The out-of-favour investment trusts that are cheap for a reason
Investors on the lookout for investment trust bargains risk catching the proverbial falling knife.

Money Observer, April 8, 2020 by Kyle Caldwell

Substantial stock market corrections offer brave investors the chance to go bargain-hunting, but the big caveat and trade-off is the risk of catching the proverbial falling knife.

In the case of investment trusts, discounts to net asset value have widened across the board. During the worst of the sell-off, the average discount figure exceeded its widest point since the global financial crisis over a decade ago, reaching 18.4% on 23 March. That compares with an average discount of 17.6% on 31 December 2008.

By the end of March, the average discount had tightened to 11.8%, which goes to show how rapidly discounts can change and how investors need to be alert to potential opportunities.

There are various ways to detect whether a discount looks ‘cheap’. A useful starting point is to assess the discount relative to its historic average and then against the wider sector.

A more mathematical metric private investors can employ is the ‘z-score’ of a trust. This is another way to compare a trust’s current discount or premium to its historic level. A positive z-score shows the current value is higher than the mean, while a negative value indicates the opposite. As a rule of thumb a score of minus 2 or lower suggests the trust is looking cheap, while a positive score of 2 or more suggests it looks expensive.
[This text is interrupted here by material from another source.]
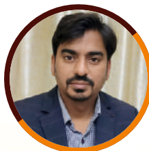
Dr. Rajendra Prasad
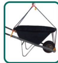
Wheel Barrow Chains

While widely viewed as a useful metric the z-score does have its flaws. James Carthew, head of investment company research at QuotedData, points out: “It is a good indication of a significant change in a discount or premium, but because it is an indication of change a relatively small absolute change on an investment company that was trading close to asset value can show up as more significant than a big absolute change in a wide discount. So z-scores are not, on their own, an indication of an investment company looking cheap or expensive, but they are a good indicator of trusts that might be worth a closer look.”